WHAT YOU SHOULD DO
Each line of the listing where the string "café" appears is to be identified and copied.

DATA SUPPLIED
##########

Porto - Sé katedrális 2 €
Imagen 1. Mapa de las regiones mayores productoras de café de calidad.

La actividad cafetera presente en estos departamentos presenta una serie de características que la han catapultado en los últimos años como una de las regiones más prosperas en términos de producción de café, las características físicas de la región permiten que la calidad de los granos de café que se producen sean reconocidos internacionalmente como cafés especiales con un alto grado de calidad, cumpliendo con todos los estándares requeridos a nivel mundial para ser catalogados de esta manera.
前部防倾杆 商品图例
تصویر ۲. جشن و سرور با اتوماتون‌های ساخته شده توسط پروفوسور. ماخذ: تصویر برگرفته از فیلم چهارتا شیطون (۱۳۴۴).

##########

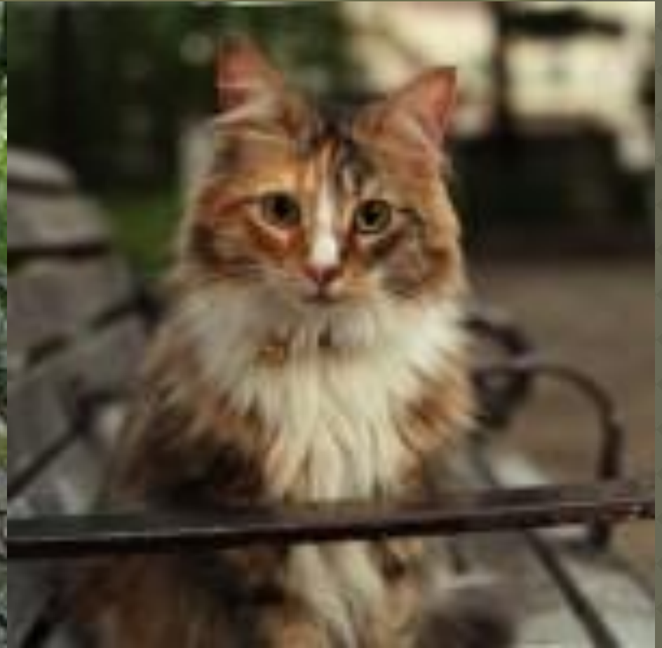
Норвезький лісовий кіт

##########

COMPLETED EXERCISE
Imagen 1. Mapa de las regiones mayores productoras de café de calidad.
La actividad cafetera presente en estos departamentos presenta una serie de características que la han catapultado en los últimos años como una de las regiones más prosperas en términos de producción de café, las características físicas de la región permiten que la calidad de los granos de café que se producen sean reconocidos internacionalmente como cafés especiales con un alto grado de calidad, cumpliendo con todos los estándares requeridos a nivel mundial para ser catalogados de esta manera.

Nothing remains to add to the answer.